# MALE: How to make your hair smoother & silkier, less thick... (pics)



## stephensproject (Jan 21, 2015)

I am a male and I have long hair that has always been incredibly thick. I want it to be smoother and have a silky look/feel to it...  The first two attached files are of my hair, and the next two files are pictures of how I want my hair to look... Notice how it has a much silkier, smoother look to it and how the curls aren't so clumped together. Anyone have any ideas on how to make my hair smoother like this... And going a step further, does anyone know how I could style my hair like he does?


----------



## SOSRedAlertSOS (Jan 21, 2015)

If you went to the barber and asked them to style your hair like this I'm sure it would involve either thinning your hair with shears and/or straightening it with a hot iron. With your current hair, you have a good starting point and could really benefit from purchasing some pomade to help style it.


----------



## wadedl (Jan 22, 2015)

I think a little product could do a lot. I know shine products take a lot of volume away in my husband's hair so he won't use them so that may be a good starting point.


----------



## ZeeOmega (Jan 23, 2015)

@@stephensproject Hi! It does look like your hair may be quite a bit thicker than Harry Styles', which probably is making it difficult to style it similar to the way he does. A stylist would be the best person to give you advice on that, as they can see how your hair behaves in person. I suggest looking up a stylist that knows how to cut curly hair. Not all of them do and it can really make a difference in how manageable your hair is. 

In order to get silkier and better defined curls I would recommend that you google search Curly Girl Method or Curly Hair Method. Don't let the the 'girl' in the method throw you off. A lot of guys make use of the method as well. It can also be the No-Poo (as in No Shampoo) Method, but with Curly Girl there is a focus on considering ingredients, products, and methods that benefit curly hair.
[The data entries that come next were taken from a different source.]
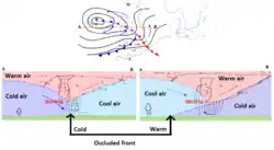 - En una oclusión fría, la masa de aire frío que supera a la masa de aire caliente que se encuentra delante y pasa por debajo de ambas masas de aire, y a menudo tiene las características de un frente frío.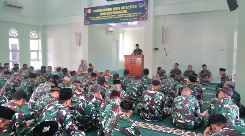 GUNUNGKIDUL – Keluarga besar Komando Distrik Militer (Kodim) 0730/Gunungkidul menyelenggarakan peringatan Nuzulul Qur’an 1447 Hijriah dengan penuh khidmat. Kegiatan yang menjadi momentum refleksi spiritual ini dilaksanakan di Masjid As Salamah, Makodim 0730/Gunungkidul, pada Kamis (12/03/2026).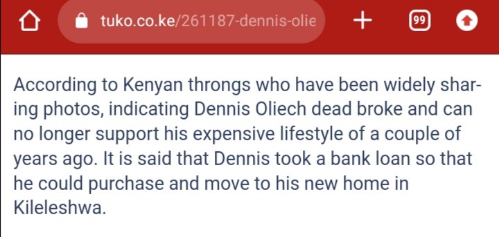 Kenyan mobs who have been widely disseminating images claim Dennis Oliech is broke and can no longer afford to maintain his luxurious lifestyle of a few years ago. According to reports, Dennis obtained a bank loan so he could buy and relocate to his new house in Kileleshwa.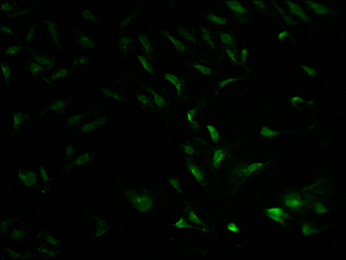 Immunofluorescence staining of Hela cells with CSB-PA030070HA01HU at 1:100, counter-stained with DAPI. The cells were fixed in 4% formaldehyde and blocked in 10% normal Goat Serum. The cells were then incubated with the antibody overnight at 4°C. The secondary antibody was Alexa Fluor 488-congugated AffiniPure Goat Anti-Rabbit IgG(H+L).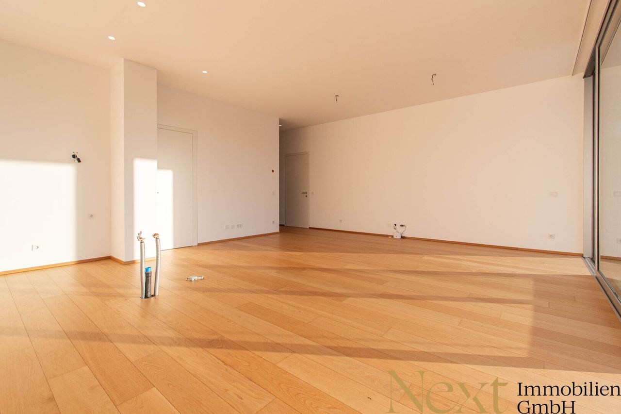 Die diversen Räumlichkeiten dieser Wohnung werden nahezu malerisch in Szene gesetzt - bodentiefe Glasfronten sorgen für eine entspannte und angenehme Wohnatmosphäre. In den Nassbereichen kommen zeitlose Feinsteinzeug-Fliesen zum Einsatz, während in den Wohn- und Schlafräumen ein edler Eichen-Echtholzparkettboden verlegt ist. Die dreifach verglasten Schallschutzfenster werden darüber hinaus mit elektrisch gesteuerten Raffstores versehen.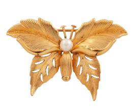 <span class='ref_item'>139 -</span> <span class="object_title">BROCHE FANTASÍA CON BAÑO DE ORO DE 14KT Y ADORNO DE SÍMIL DE PERLA</span>  <p><span class="technical_description">Broche fantasía realizado en metal con baño de oro de 14kt y un símil de perla central y alas caladas.<br/>Cierre: de aguja</span><br>Peso: <span class="PESO_HCES1">3,80</span> <span class="PESOUMED_HCES1">gr.</span><br></p>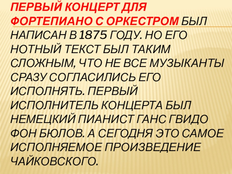 Но его нотный текст был таким сложным, что не все музыканты сразу согласились его исполнять. Первый исполнитель концерта был немецкий пианист Ганс Гвидо фон Бюлов. А сегодня это самое исполняемое произведение Чайковского.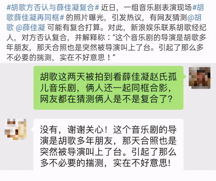 “这个音乐剧的导演是胡歌多年朋友,那天合照也是突然被导演叫上了台。引起了那么多不必要的揣测,实在不好意思!”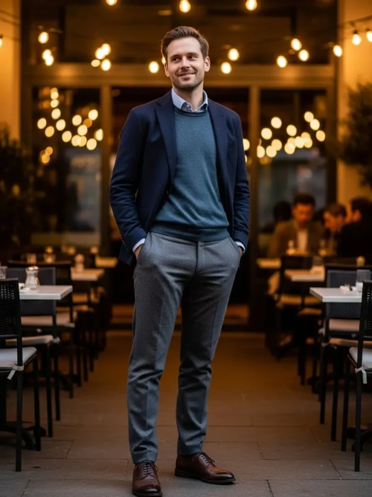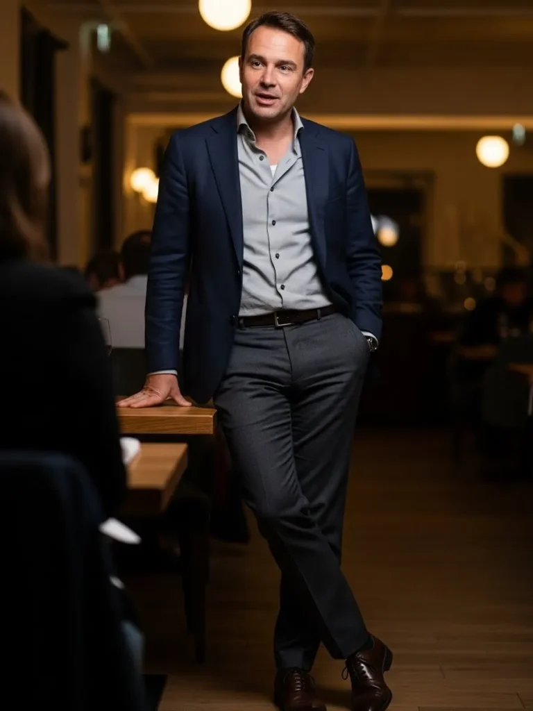 This outfit features a navy blazer styled with a light shirt and dark trousers, perfect for an upscale indoor dinner setting.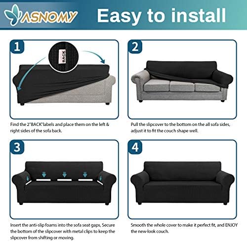 Asnomy Sofa Covers for 2 Cushion Couch Stretch loveseat Cover Slipcovers, Pet Protector Furniture Covers for Dogs Cats Spandex Jacquard Fabric Small Checks(Medium, Black)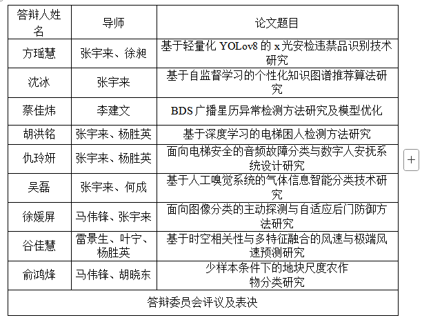 答辩委员:吴建锋(浙江树人学院,副教授),马伟锋,岑跃峰,胡晓东,张宇来,何成,李建文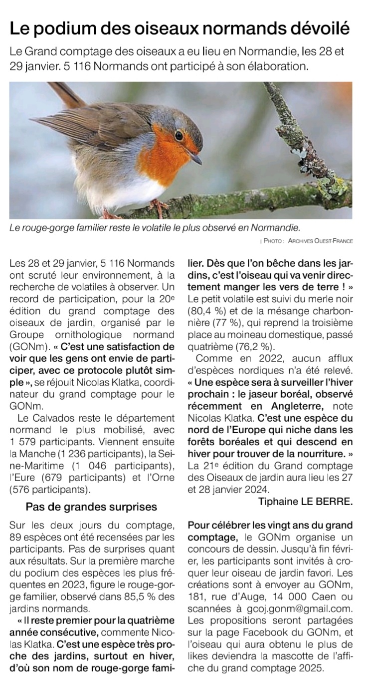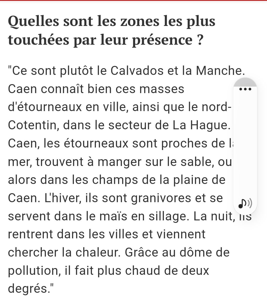 Les étourneaux sont bien là, avec notamment un très important dortoir dans le quartier Saint-Paul (jardin public et école) et aussi le spectacle de la murmuration au-dessus du port de Caen à la tombée de la nuit. Remarquez le terme "nuisible" utilisé à la légère. Hélas l'article est en petits morceaux découpés à la cisaille numérique. Qui le retrouvera complet?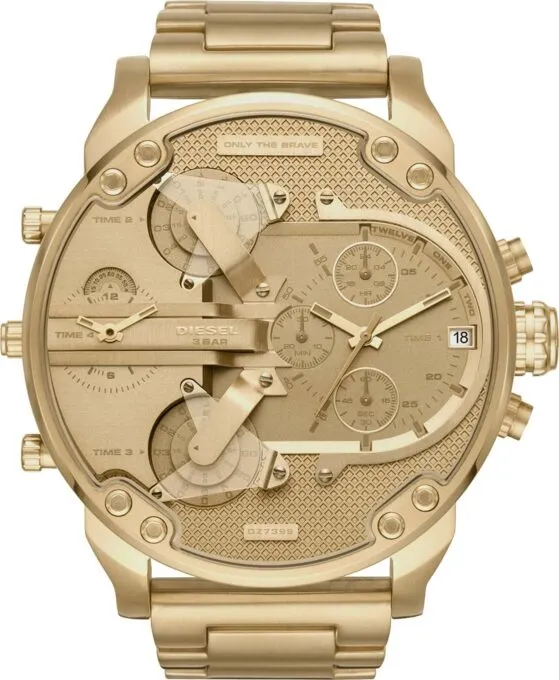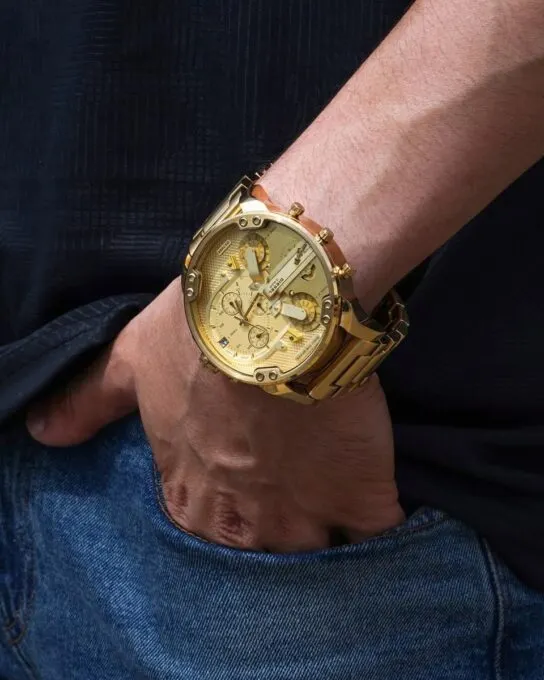 Ещё пачка плюсов Diesel Mr. Daddy 2.0 DZ7399: корпус из нержавеющей стали в золотом цвете, минеральное стекло и фирменный браслет. В совокупности они создают ощущение максимальной премиальности. Влагозащита тут базовая — 30WR. Но такие часы больше подходят для офиса и вечерних выходов, чем для отдыха у бассейна.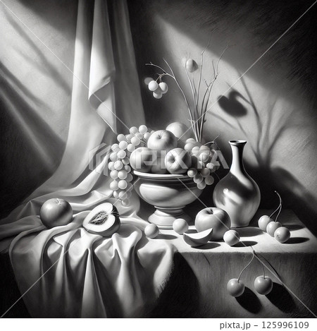 木炭による静物画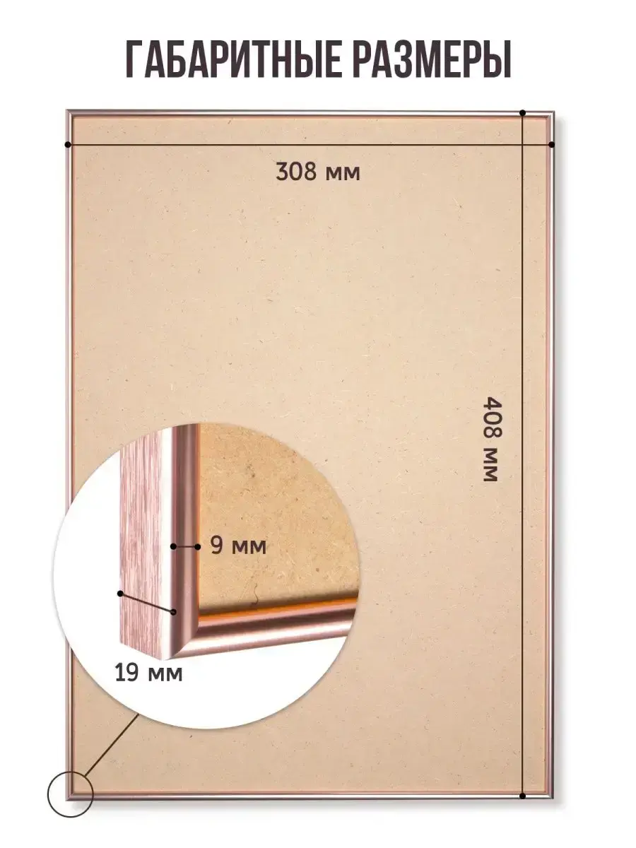 Брашированная алюминиевая рамка 30х40 см с быстрой сменой изображения. Достоинства фоторамки 30х40 см: крепкий стильный металлический каркас; прозрачная вставка из ПЭТ; небольшой вес. Основным преимуществом перед другими металлическими фоторамками 30 на 40 (типа Нельсон) является суперудобная и супербыстрая смена вложений: нужно просто сдвинуть прижимные пружины. В рамки 30 на 40 см можно вставить: постеры; фотографии; пазлы, алмазную мозаику, вышивку и т. д. Рамку для фото 30х40 см можно вешать и вертикально, и горизонтально. Металлические рамки 30х40 см изготовлены из анодированного алюминиевого профиля, укомплектованы жестким задником из оргалита 3 мм, защитным прозрачным пластиком ПЭТ 0,5 мм, металлическими пружинами/подвесами для фиксации вложения и размещения рамки на стене. Внимание! В рамке 30х40 см для постеров мы используем прозрачную вставку из ПЭТ толщиной 0,5 мм, а не стекло. Фоторамка 30х40 получается легкой и безопасной - её невозможно разбить даже намеренно. При этом эстетические свойства рамки 30 на 40 см не теряются: ПЭТ не искажает изображение и обеспечивает 100%-ю прозрачность. Внимание! Перед первым использованием рамки для картины 30х40 с пластиковой вставки необходимо снять защитную пленку с двух сторон! Внимание! Наши рамки 30 на 40 не предназначены для использования вне помещений.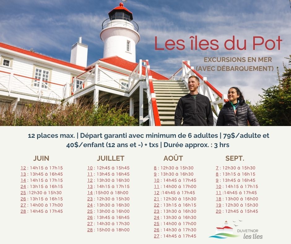 Croisière autour des îles du Pot à l’Eau-de-Vie (sans débarquement). Grande diversité d’oiseaux marins (avant la fin de juillet), paysages, notes fascinantes sur l’histoire maritime (contrebande, comptoir maritime…). Le calendrier 2026 sera annoncé en mai.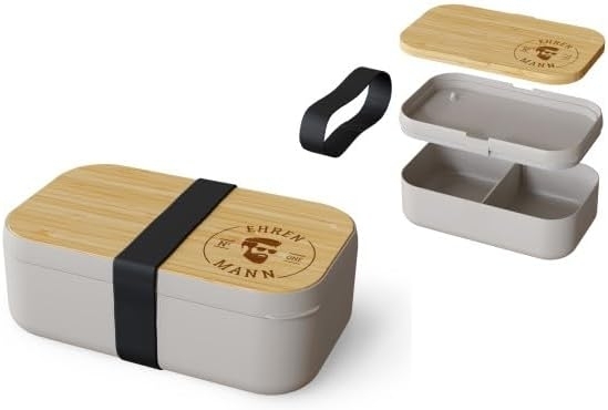 Die la vida Brotdose "Ehrenmann" ist der ideale Begleiter für unterwegs. Mit einem Fassungsvermögen von 970 ml bietet sie ausreichend Platz für Ihre Pausenbrote und Gemüsesticks. Der zweiteilige Deckel aus einem Bambusbrettchen und einem Kunststoffdeckel sorgt für eine sichere Aufbewahrung. Ein Elastikband hält alles zusammen, während das Entlüftungsventil die Nutzung in der Mikrowelle ermöglicht. Die Kunststoffteile sind spülmaschinengeeignet, was die Reinigung erleichtert. **Highlights** - Platz für viele Pausenbrote - Bambusbrettchen als Deckel - Mit Entlüftungsventil für die Mikrowelle - Praktische Trennstreifen - Elastikband für sicheren Verschluss **Produkteigenschaften** - Maße (HxBxT): 73 mm x 197 mm x 120 mm - Fassungsvermögen: 970 ml - Material Deckel: Bambus, Kunststoff, Silikon - Material Schale: Kunststoff - Kunststoffteile für die Spülmaschine geeignet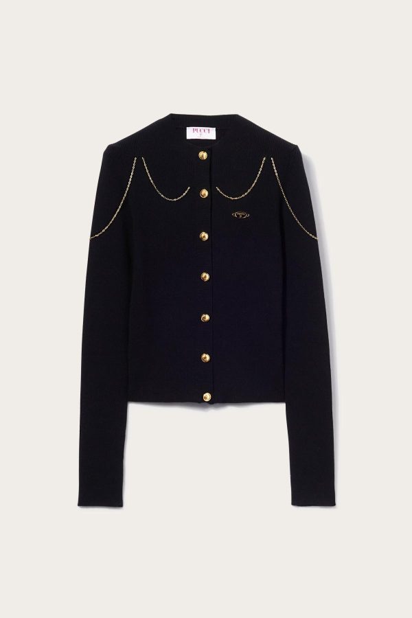 Pucci puts an unexpected twist on the classic cardigan with this style: it’s strung with a slim mariner chain that drapes across the shoulders. An enamelled logo plaque at the front completes the design.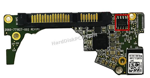 “PCB 번호”는 2060-771927-002. 웨스턴디지털 하드 드라이브의 “PCB 번호”는 “2060-***”으로 시작하며 번호는 보드에 인쇄되어 있습니다. 보드를 교체하려면 기증자 보드에 원래 보드와 동일한 “PCB 번호”가 있어야 합니다.웨스턴디지털 하드디스크 PCB기판 교체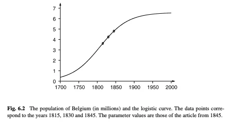 Verhulst says that you can figure out this logistic curve with as little as three measurements. So for example, given the estimates of the population of Belgium in 1815, 1830, and 1845, (respectively 3.627, 4.247 and 4.801 million) he predicts a population of 4.998 million in 1851.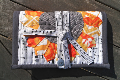 Gorgeous sunflower! I love that music print so much! The grey center and the binding is so perfect with the orange sunflower. Thank you for this beautiful inspiration, I may just have to make a sunflower pouch for my markers :)

It's more like a general set of guidelines, with people modifying it to how it works best with their own hair and circumstances. The definition and shine of my own curls, along with the overall health of my hair, improved greatly when I started incorporating the CG method into my routine.  

Best of luck!


----------



## roselin3345 (Jan 23, 2015)

In order to make your hair tall and silky anybody should use natural hair oil. It's better and don't have any side effect.


----------



## roselin3345 (Jan 23, 2015)

wadedl said:


> I think a little product could do a lot. I know shine products take a lot of volume away in my husband's hair so he won't use them so that may be a good starting point.


Yes, you're right in some causes. There is a provarb: "Many drops makes s shower" like it.


----------